Task description: Drop the pictures and extract exactly the lines from the one that contains "黒×紫 ナポレオンジャケット風デザインのブラウスです。飾りチェーンとネクタイが付属します。 |" through the end of the material.

Data supplied:
+===+

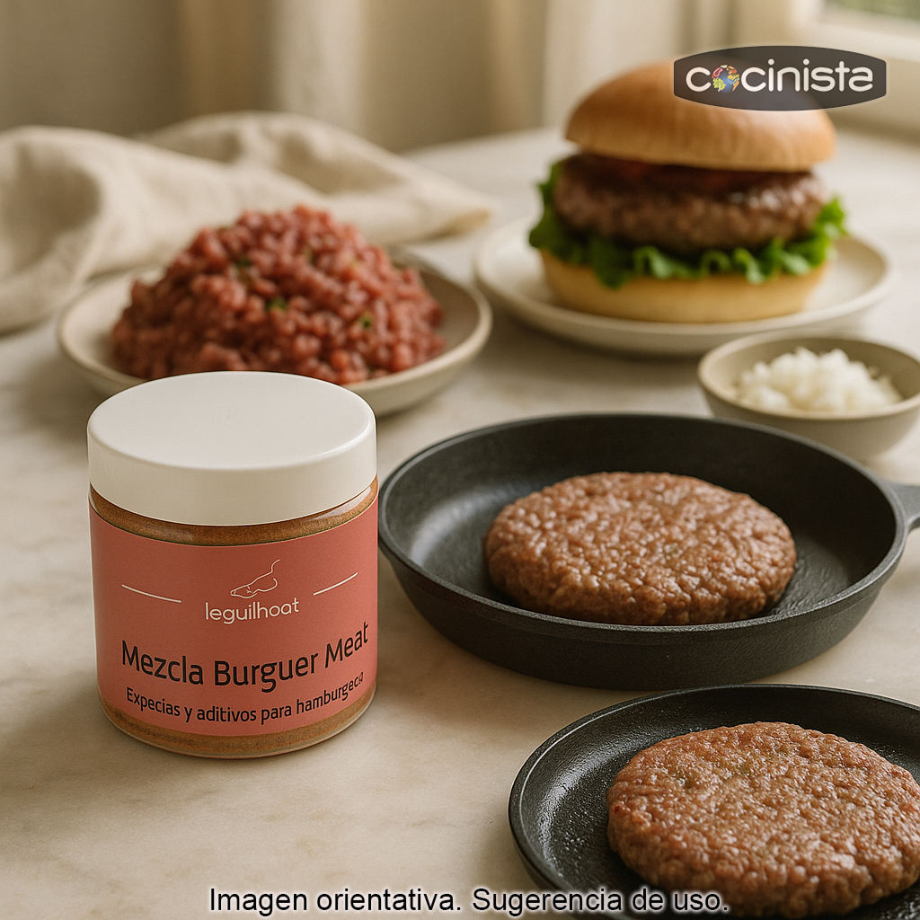 Al añadirla a la carne, obtendrás hamburguesas con un perfil de sabor equilibrado y un acabado profesional, perfectas para preparar en plancha, sartén,
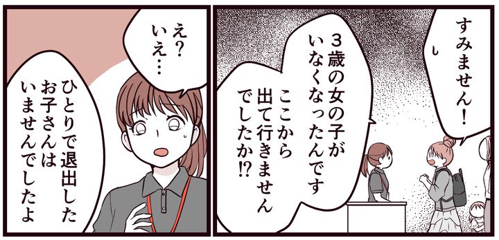 アカリは「すみません! 3歳の女の子がいなくなってしまったのですが、ここから出て行ったりしたところを見ていませんか!?」と、受付で確認しました。受付の人は子どもひとりでの退出はなかったと言います。
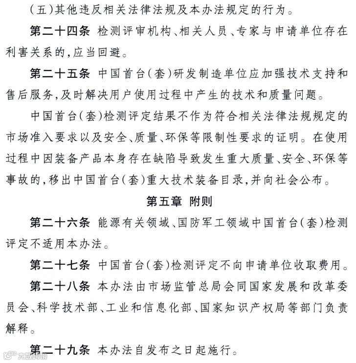 为促进我国重大技术装备质量提升,支撑重大技术装备攻关工程,推动制造业高端化、智能化、绿色化发展,加快推进新型工业化,市场监管总局、国家发展改革委、科技部、工业和信息化部、国家知识产权局5部门近日联合印发《中国首台(套)重大技术装备检测评定管理办法(试行)》(以下简称《办法》)。
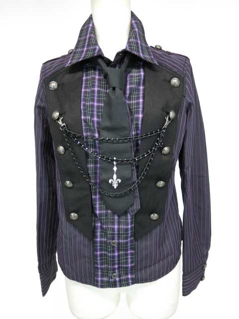 ■ナポレオン重ね着風ブラウス 黒×紫 ナポレオンジャケット風デザインのブラウスです。飾りチェーンとネクタイが付属します。 |
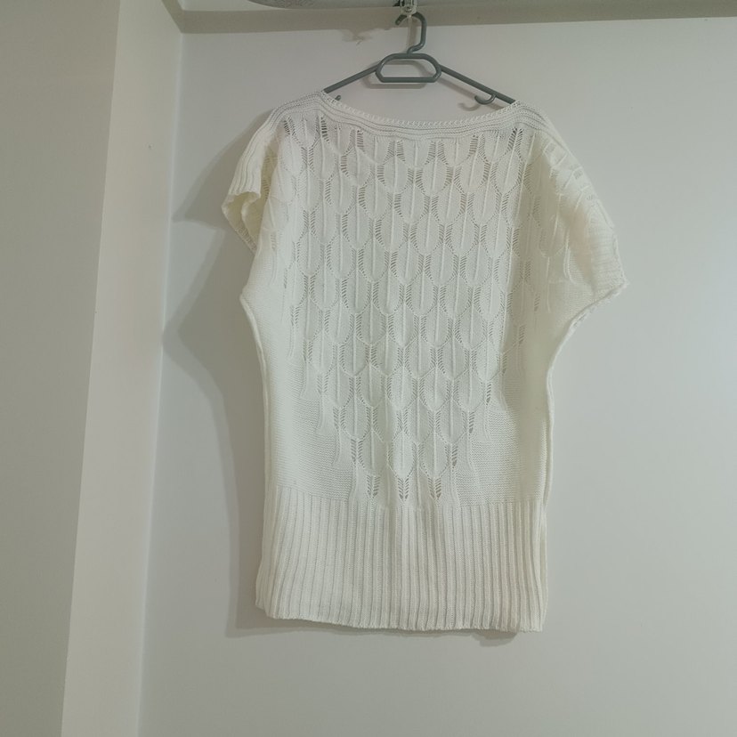 Beyaz renkli, kısa kollu, yuvarlak yakalı, bol kesim örgü kadın kazak. Bohem tarzda, midi boyda ve sade tasarımlı, günlük kullanıma uygun.
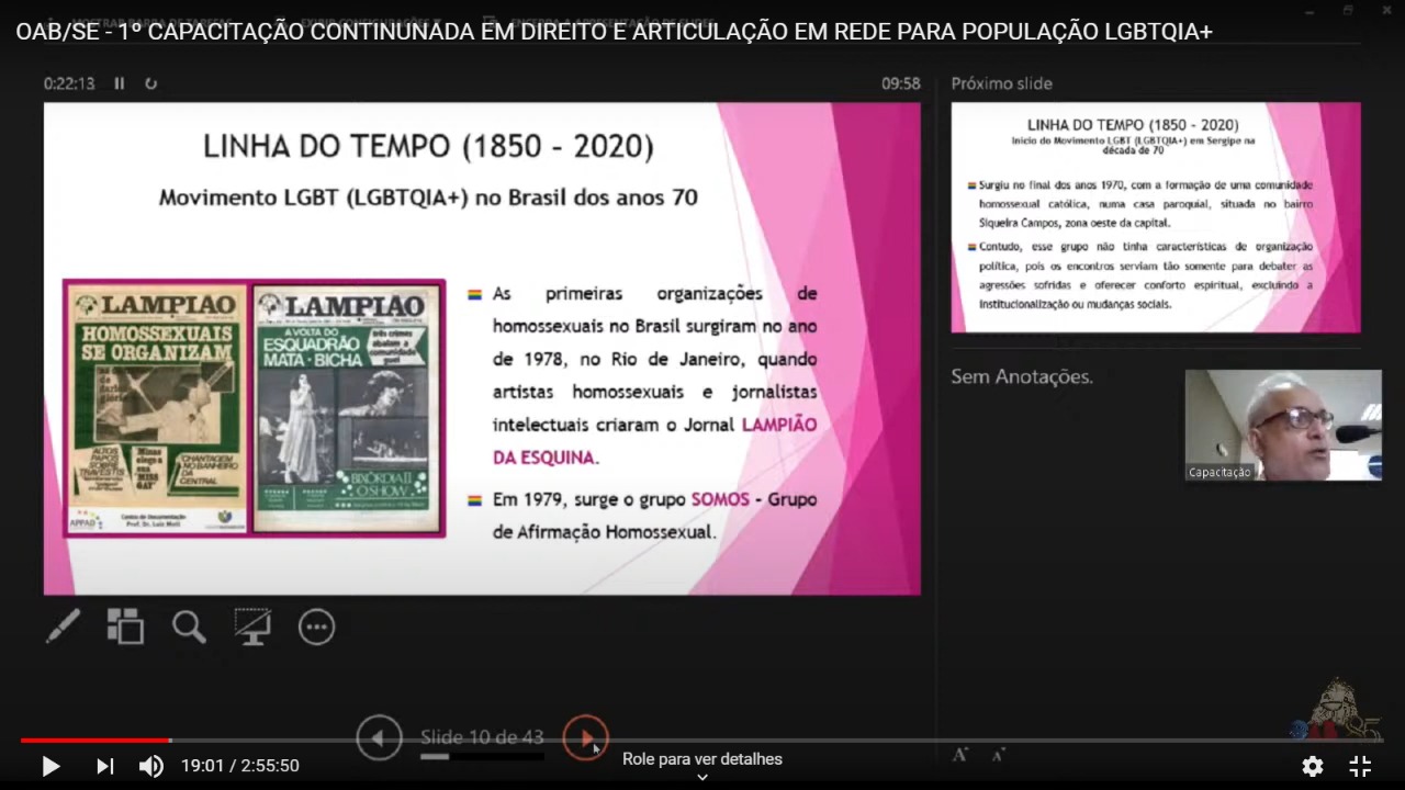 De acordo com o ministrante, as primeiras organizações de homossexuais no Brasil surgiram em 1978, no Rio de Janeiro, quando artistas e jornalistas criaram o jornal Lampião da Esquina. “E em 2979, surgiu o grupo SOMOS – Grupo de Afirmação Homossexual”, explicou Marcelo.

+===+

Exercise response:
 ■ナポレオン重ね着風ブラウス 黒×紫 ナポレオンジャケット風デザインのブラウスです。飾りチェーンとネクタイが付属します。 |
 Beyaz renkli, kısa kollu, yuvarlak yakalı, bol kesim örgü kadın kazak. Bohem tarzda, midi boyda ve sade tasarımlı, günlük kullanıma uygun.
 De acordo com o ministrante, as primeiras organizações de homossexuais no Brasil surgiram em 1978, no Rio de Janeiro, quando artistas e jornalistas criaram o jornal Lampião da Esquina. “E em 2979, surgiu o grupo SOMOS – Grupo de Afirmação Homossexual”, explicou Marcelo.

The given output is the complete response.